Could you set down exactly the lines of the data below, starting at the one that holds "12月23日,法学院邀请中国" and ending at the one that holds "- 【Versatile Usage】", both included, and only those?

MATERIAL TO PROCESS »
* * * * * * *
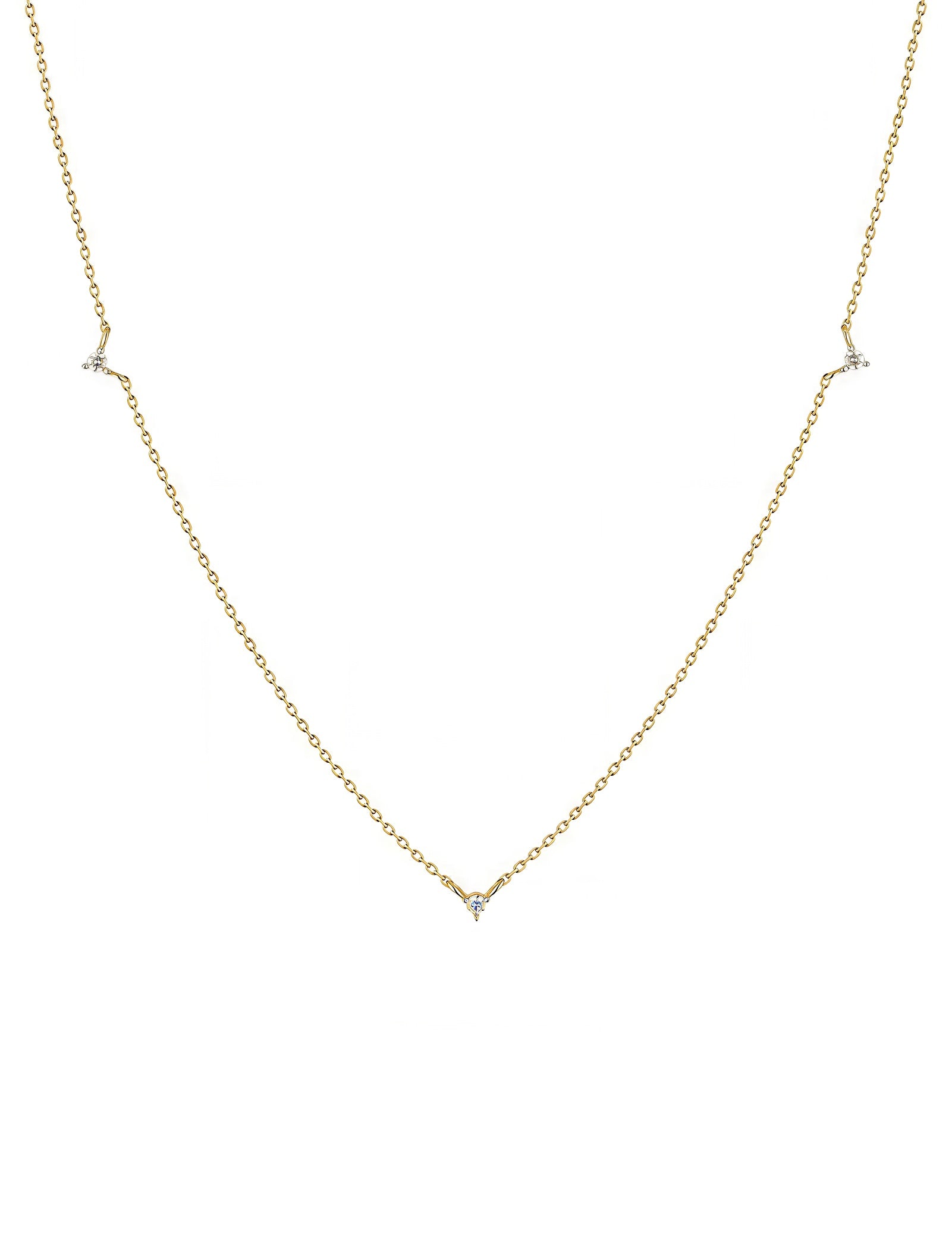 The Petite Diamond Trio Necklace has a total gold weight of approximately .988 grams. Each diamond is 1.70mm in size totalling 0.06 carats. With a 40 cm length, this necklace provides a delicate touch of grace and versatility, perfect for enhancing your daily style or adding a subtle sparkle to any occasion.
* * * * * * *
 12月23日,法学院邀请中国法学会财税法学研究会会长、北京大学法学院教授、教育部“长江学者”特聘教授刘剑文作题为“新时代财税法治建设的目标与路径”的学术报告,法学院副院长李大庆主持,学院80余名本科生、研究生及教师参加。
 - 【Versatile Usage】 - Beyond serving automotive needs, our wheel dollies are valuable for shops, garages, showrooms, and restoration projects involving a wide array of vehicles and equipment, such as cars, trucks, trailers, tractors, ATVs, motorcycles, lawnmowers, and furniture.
* * * * * * *
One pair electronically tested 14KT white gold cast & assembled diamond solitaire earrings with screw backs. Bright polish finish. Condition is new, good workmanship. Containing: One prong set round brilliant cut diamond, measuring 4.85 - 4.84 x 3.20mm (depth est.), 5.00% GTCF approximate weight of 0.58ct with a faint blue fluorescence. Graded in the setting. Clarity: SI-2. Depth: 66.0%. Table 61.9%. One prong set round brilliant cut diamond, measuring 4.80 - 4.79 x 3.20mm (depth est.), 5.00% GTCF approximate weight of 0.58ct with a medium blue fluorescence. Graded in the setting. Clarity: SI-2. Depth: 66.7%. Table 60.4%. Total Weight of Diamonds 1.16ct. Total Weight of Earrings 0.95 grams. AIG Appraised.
* * * * * * *
SOLUTION TO THIS EXERCISE »
 12月23日,法学院邀请中国法学会财税法学研究会会长、北京大学法学院教授、教育部“长江学者”特聘教授刘剑文作题为“新时代财税法治建设的目标与路径”的学术报告,法学院副院长李大庆主持,学院80余名本科生、研究生及教师参加。
 - 【Versatile Usage】 - Beyond serving automotive needs, our wheel dollies are valuable for shops, garages, showrooms, and restoration projects involving a wide array of vehicles and equipment, such as cars, trucks, trailers, tractors, ATVs, motorcycles, lawnmowers, and furniture.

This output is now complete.